§ **About this task**: Each record here should be printed again exactly; please leave its pictures out.

-*-*-

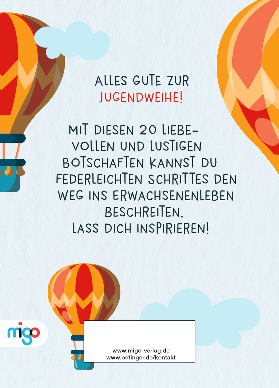 | Schlagworte | Erwachsen werden • Gastgeschenk • Geschenkbuch für Teenager • Geschenk für Jugendliche • geschenk unter 10 euro • glückwünsche zur jugendweihe • Jugendweihe Geschenk • Lebensweisheiten • Lustige und liebevolle Botschaften • Orientierungshilfe • Sprüche |
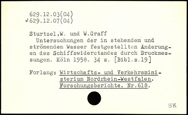 Sturtzel,W.. und V.Graff Untersuchungen der in stehendem und strömendem Wasser festgestellten Änderungen des Schiffswiderstandes durch Druckmes-sungen
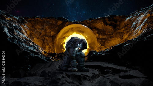 Wall mural : Space astronaut explores distant planet - cosmonaut in a spacesuit touches the ground of an asteroid -
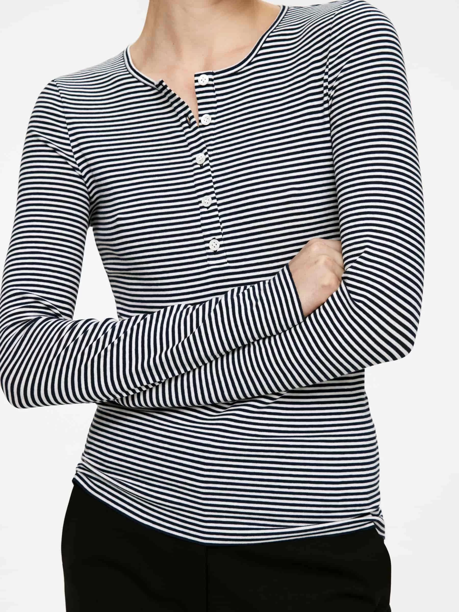 ARKE Damen Geripptes Henley-Top Dunkelblau/Weiß
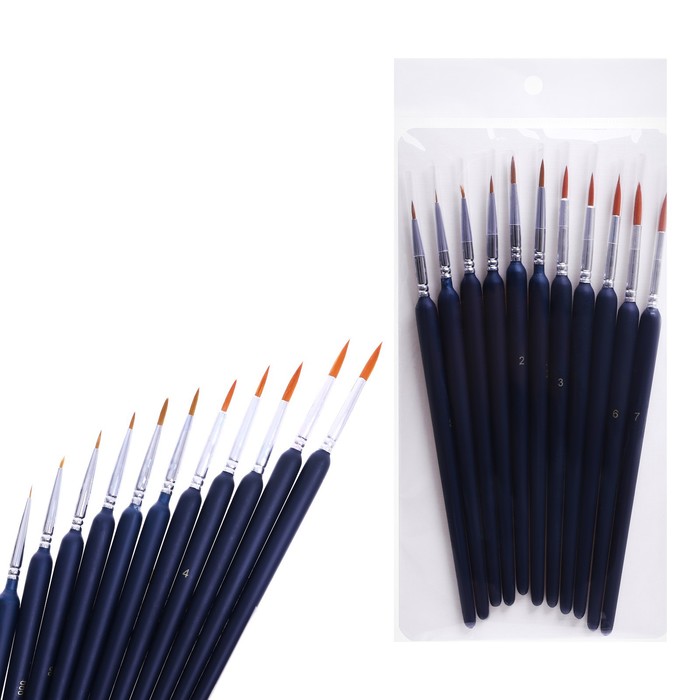 Набор кистей синтетика круглые 10 штук (№1, 2, 3, 4, 5, 6, 7, 8, 9, 10) с деревянными ручками
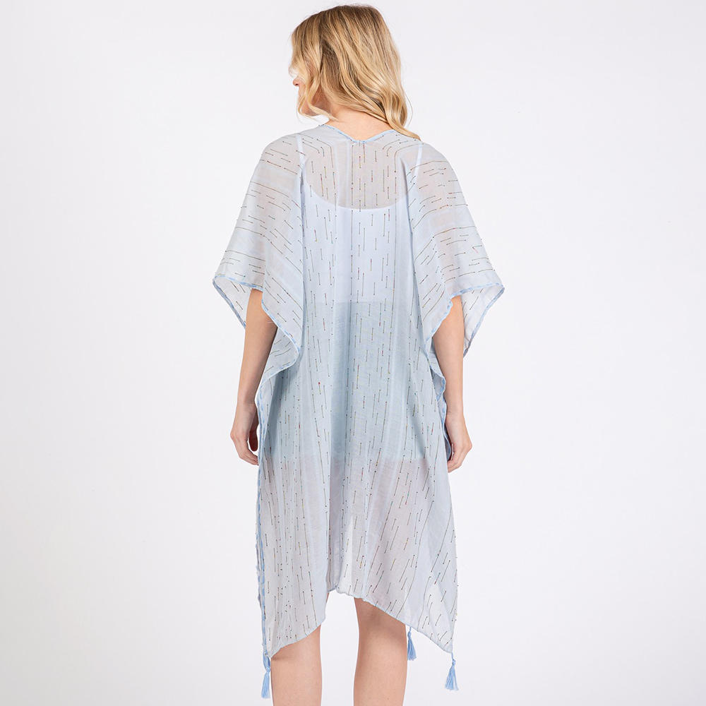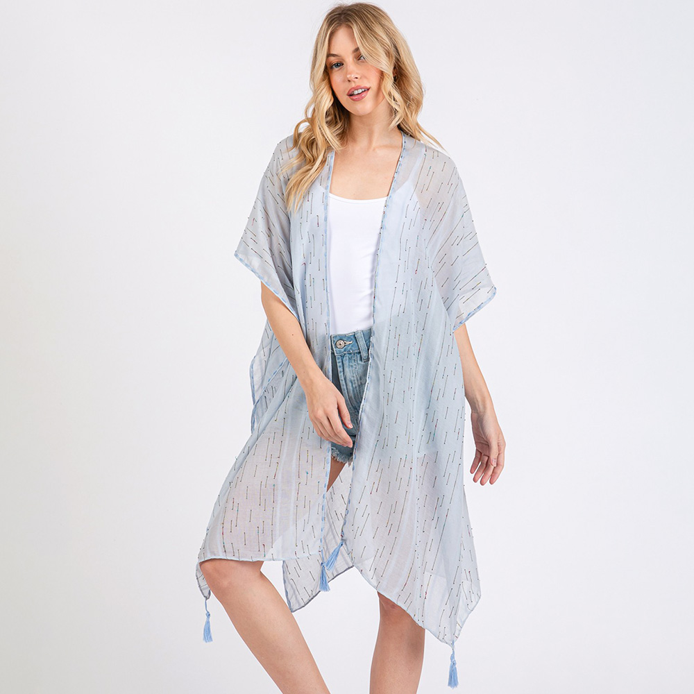 Colored Stitch Trip Tassel Kimono Poncho
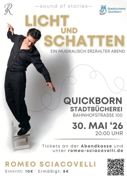 Tickets erhalten Sie online über Eventim: https://www.eventim.de/event/licht-und-schatten-stadtbuecherei-quickborn-21269763/?affiliate=GMD oder an der Abendkasse für 10 € bzw. ermäßigt für 8 € (Schüler/innen, Student/innen).
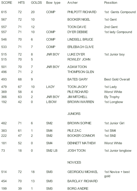 Full results can be found on the county web site http://hertsarchery.org.uk/betasite/2015/02/12/4253/
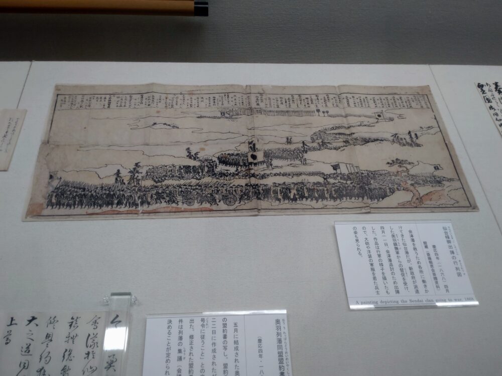 当時矢面に立っていた会津藩と、東北地方の諸藩との関係性については殆ど知りませんでした。領地を増やすため熾烈な争いを繰り広げた政宗の時代には、他藩を擁護・支援する未来など全く想像できなかったのではないかと思う次第です。
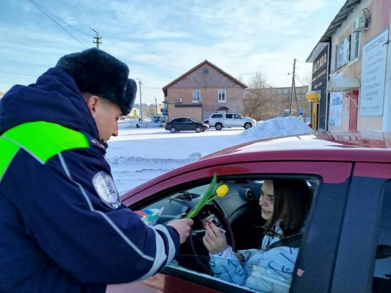 В Новосибирской области сотрудники Госавтоинспекции Межмуниципальных отделов МВД России «Татарский» и «Барабинский» присоединились к ежегодной Всероссийской акции МВД «Цветы для автоледи».
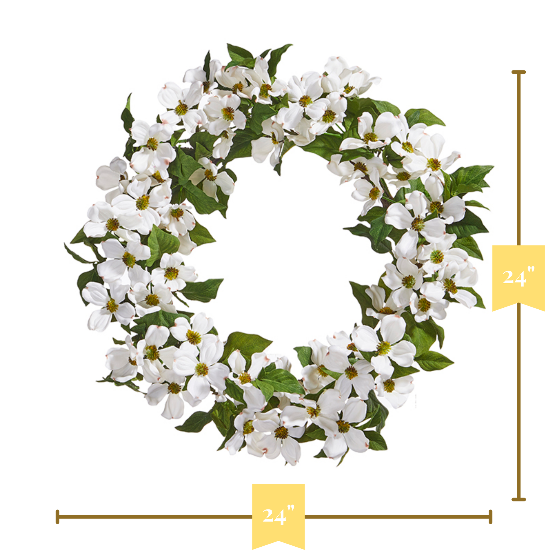 This stunning 24” wreath brings the beauty of spring and summer into your home with its elegant white dogwood flowers. Crafted from high-quality polyester and plastic, this wreath offers a lifelike appearance that requires no maintenance. Perfect for adding a touch of freshness to your front door, mantel, or any wall, this wreath offers year-round charm and seasonal beauty.

-*-*-

§ **Answer section**:
 | Schlagworte | Erwachsen werden • Gastgeschenk • Geschenkbuch für Teenager • Geschenk für Jugendliche • geschenk unter 10 euro • glückwünsche zur jugendweihe • Jugendweihe Geschenk • Lebensweisheiten • Lustige und liebevolle Botschaften • Orientierungshilfe • Sprüche |
 Sturtzel,W.. und V.Graff Untersuchungen der in stehendem und strömendem Wasser festgestellten Änderungen des Schiffswiderstandes durch Druckmes-sungen
 Wall mural : Space astronaut explores distant planet - cosmonaut in a spacesuit touches the ground of an asteroid -
 ARKE Damen Geripptes Henley-Top Dunkelblau/Weiß
 Набор кистей синтетика круглые 10 штук (№1, 2, 3, 4, 5, 6, 7, 8, 9, 10) с деревянными ручками
 Colored Stitch Trip Tassel Kimono Poncho
 Tickets erhalten Sie online über Eventim: https://www.eventim.de/event/licht-und-schatten-stadtbuecherei-quickborn-21269763/?affiliate=GMD oder an der Abendkasse für 10 € bzw. ermäßigt für 8 € (Schüler/innen, Student/innen).
 Full results can be found on the county web site http://hertsarchery.org.uk/betasite/2015/02/12/4253/
 当時矢面に立っていた会津藩と、東北地方の諸藩との関係性については殆ど知りませんでした。領地を増やすため熾烈な争いを繰り広げた政宗の時代には、他藩を擁護・支援する未来など全く想像できなかったのではないかと思う次第です。
 В Новосибирской области сотрудники Госавтоинспекции Межмуниципальных отделов МВД России «Татарский» и «Барабинский» присоединились к ежегодной Всероссийской акции МВД «Цветы для автоледи».
 This stunning 24” wreath brings the beauty of spring and summer into your home with its elegant white dogwood flowers. Crafted from high-quality polyester and plastic, this wreath offers a lifelike appearance that requires no maintenance. Perfect for adding a touch of freshness to your front door, mantel, or any wall, this wreath offers year-round charm and seasonal beauty.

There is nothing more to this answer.